• [Work instruction]:
Exactly the lines from the one containing "着回し力抜群★袖のボーダーがポイントの大人可愛いチュニック♪" through the one containing "지난 12일 오후 8시32분 5.8지진에 이어 4.5지진 !!!!" in the listing below are to be copied, with the pictures left out.

Top of Extracted entries

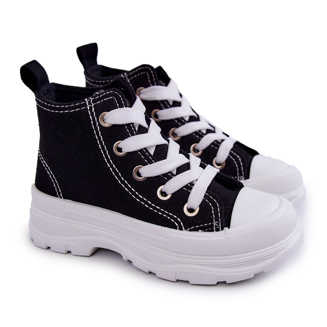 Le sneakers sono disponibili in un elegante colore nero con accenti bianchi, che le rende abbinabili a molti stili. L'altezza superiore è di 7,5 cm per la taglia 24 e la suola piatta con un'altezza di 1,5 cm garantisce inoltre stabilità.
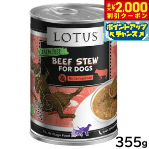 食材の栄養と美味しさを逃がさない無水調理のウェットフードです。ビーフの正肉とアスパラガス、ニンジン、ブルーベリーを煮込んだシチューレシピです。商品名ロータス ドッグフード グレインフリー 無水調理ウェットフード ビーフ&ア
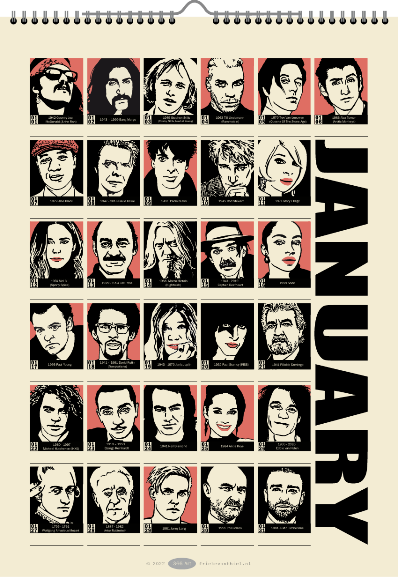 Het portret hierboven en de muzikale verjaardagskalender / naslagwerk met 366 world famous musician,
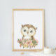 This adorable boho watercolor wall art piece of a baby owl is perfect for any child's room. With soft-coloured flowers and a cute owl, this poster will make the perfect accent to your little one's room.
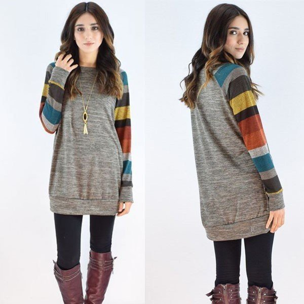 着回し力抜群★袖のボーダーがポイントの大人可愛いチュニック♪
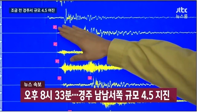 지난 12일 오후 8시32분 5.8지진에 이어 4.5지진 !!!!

Bottom of Extracted entries
Top of Extracted entries

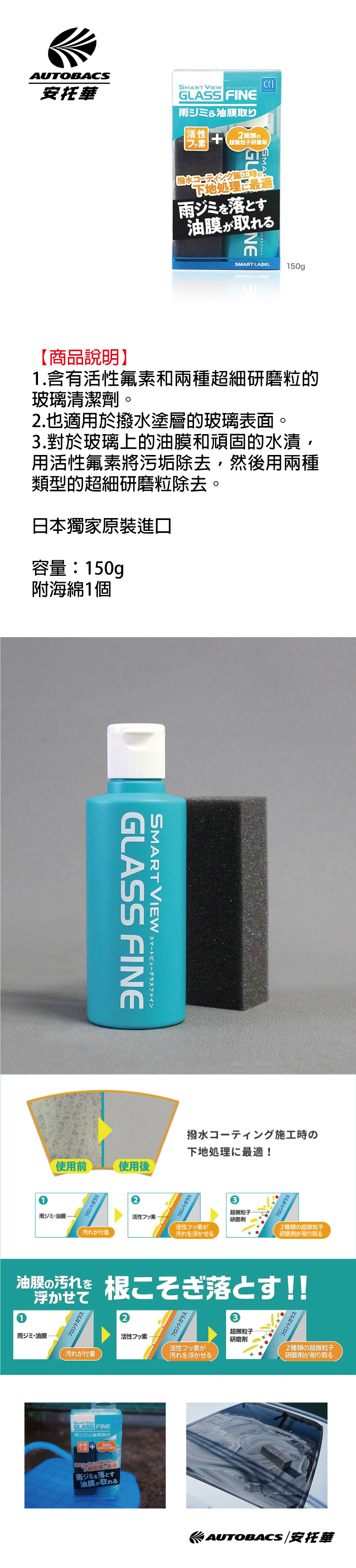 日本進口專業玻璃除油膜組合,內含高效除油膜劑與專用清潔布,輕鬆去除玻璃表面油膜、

Bottom of Extracted entries
Top of Extracted entries

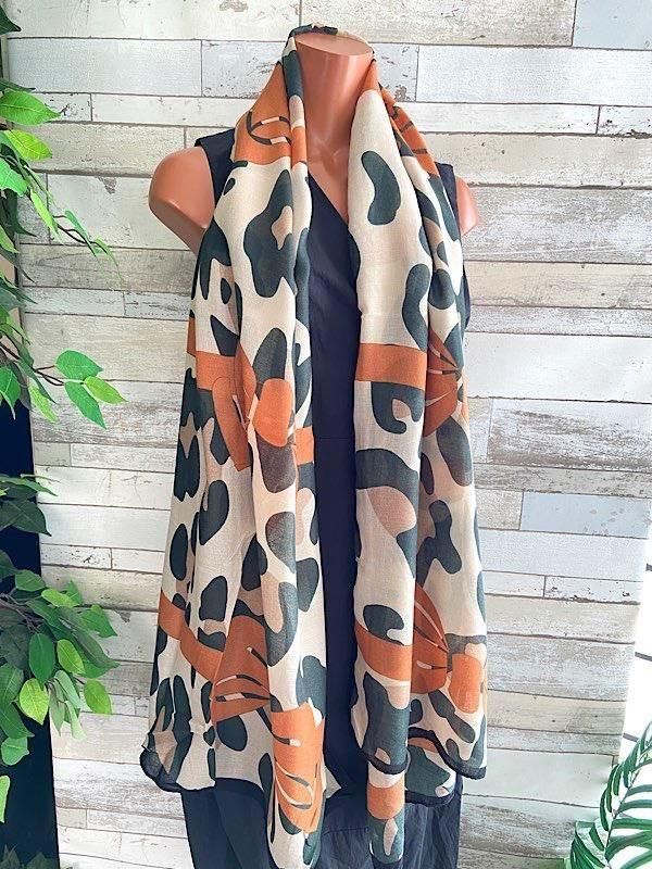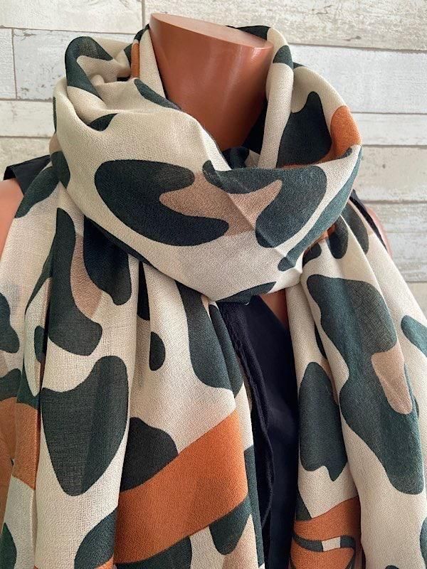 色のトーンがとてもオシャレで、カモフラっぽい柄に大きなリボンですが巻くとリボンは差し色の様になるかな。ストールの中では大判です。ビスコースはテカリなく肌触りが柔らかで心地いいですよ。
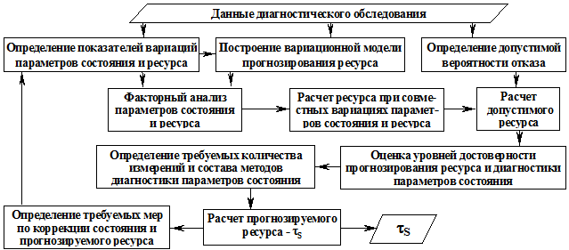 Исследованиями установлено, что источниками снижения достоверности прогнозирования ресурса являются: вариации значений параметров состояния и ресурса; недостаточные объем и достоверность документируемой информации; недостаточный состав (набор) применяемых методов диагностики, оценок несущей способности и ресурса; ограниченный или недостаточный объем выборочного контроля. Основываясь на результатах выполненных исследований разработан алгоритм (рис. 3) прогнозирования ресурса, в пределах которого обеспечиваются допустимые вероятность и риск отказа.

Bottom of Extracted entries

• [Expected output]:
 着回し力抜群★袖のボーダーがポイントの大人可愛いチュニック♪
 지난 12일 오후 8시32분 5.8지진에 이어 4.5지진 !!!!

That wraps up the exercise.